April Book Review

This month’s review is by Renee Kahl
Villette
by Charlotte Bronte
(rewritten for the SMPL)

Villette, the first-person tale of Lucy Snowe, a young Englishwoman with a devastating past who tries to make a fresh start in the French town of Villette as an instructor in a boarding school, was first published in 1853. It takes the right mindset to enjoy 19th century writing, to patiently absorb the long paragraphs full of multi-clause sentences. Charlotte Bronte’s ornate, convoluted prose in this novel makes Jane Eyre look terse. 

But the turbid prose is never repetitious and provides one of the most intricate character studies I’ve ever read. It is a function of Lucy’s excessive introspection, a window into her introverted, complex personality. 

Prone to depression and pessimistically convinced she is one of the unlucky ones in earthly life, Lucy does expect joy in heaven. Though compliant, submissive and self-effacing, she is proud with a rock-solid sense of herself and her values that she is fierce in defending. Inexperienced as a teacher, she instinctively knows how to grab control of her unruly class at the outset through the right mix of intimidation and entertainment. Deprived of education in her youth, she constantly and hungrily absorbs learning and is sharply perceptive about those around her; her self-assessment as not very bright is perhaps the only instance where she is an unreliable narrator. In each of her relationships — and they are unique and fascinating (those characters are well-drawn through Lucy’s introspection, too) — she enforces a bright line. With vain, silly Genevra she is a partially tolerant big sister, but shoos her away with a cutting reproof after enough nonsense. She doesn’t care at all that her employer, Madame, mistrusts her, or snoops through her things, but only so long as those are replaced respectfully exactly as they were. She is gratified when Madame figures out that the way to keep her a happy employee is not to bribe her with gifts but to leave her alone. With each of the men with whom she falls in love, she sees his faults clearly and refuses to change herself to suit him. 
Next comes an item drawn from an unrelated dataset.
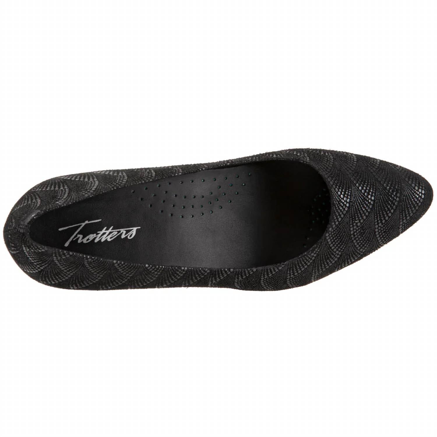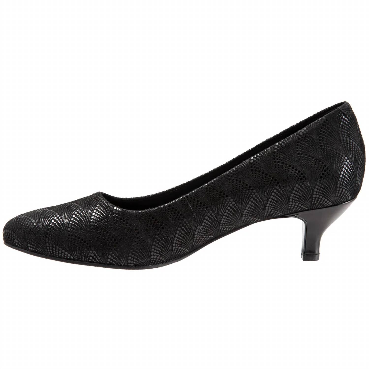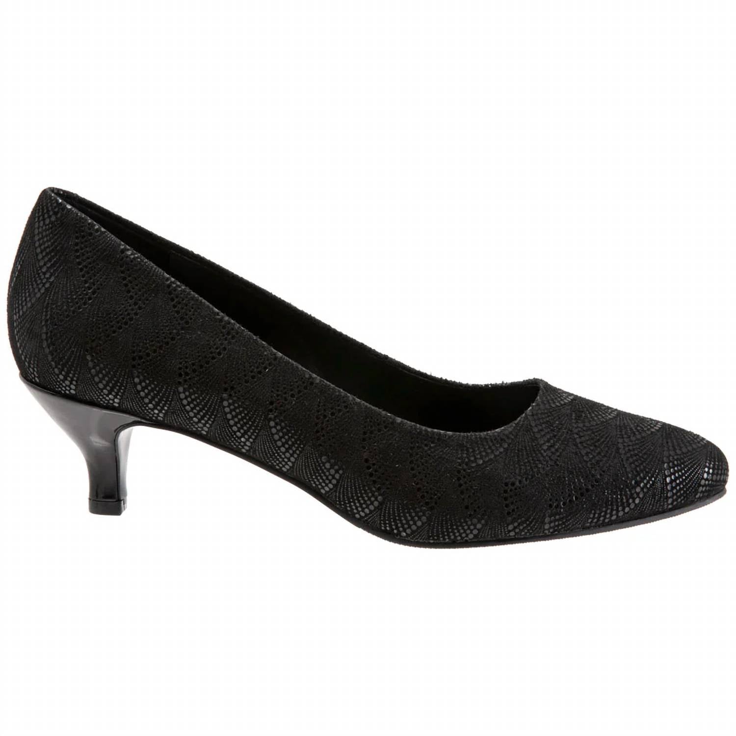 Introducing the Kiera Leather Heel by Trotters, a sophisticated choice with an elegant almond toe in chic Black Waves. This women's heel features a soft antimicrobial lined and cushioned insole and a removable cushioned footbed with arch support for enhanced comfort. The leather upper is complemented by a soft man-made Nappa lining, while a lightweight flexible rubberized sole supports the 2-inch kitten heel. Effortlessly stylish and designed for comfort, these heels are perfect for elevating any outfit.
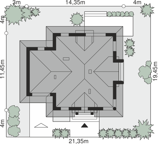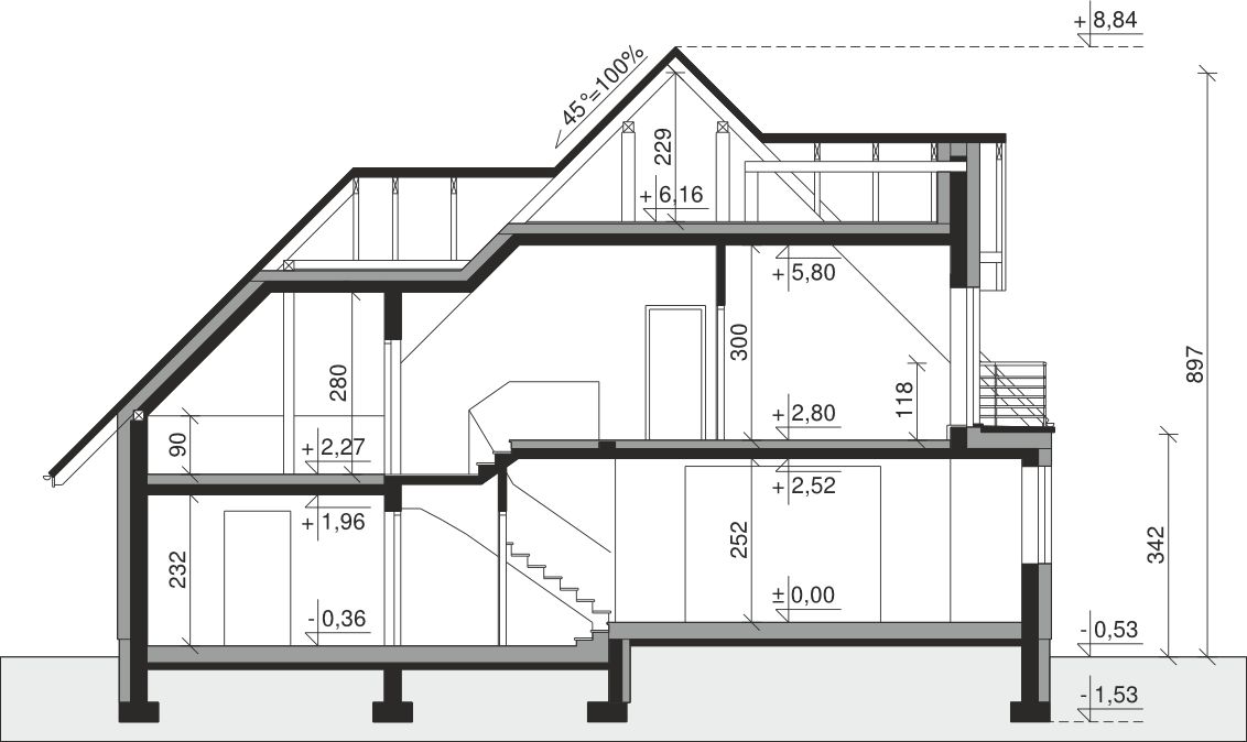 Ściany zewnętrzne: pustak 25 cm, styropian 20 cm. Ściany nośne: pustak 25 cm. Strop: monolityczny żelbetowy. Dach: kąt nachylenia 45°, pokrycie - dachówka ceramiczna lub betonowa. Instalacja solarna.

The book has a few minor flaws, although the prose isn’t one of them. As many have pointed out, the plot is weakened by too many coincidences. Everyone significant Lucy knows in England seems to transfer to France with her and turn up in multiple implausible ways. The character Polly, who Lucy describes as the only person who “really knows” her, is not nearly as developed as I would have liked. The portrait of this tough heroine more than makes up for these complaints.

Villette will be on the shelf when the Library reopens on June 6.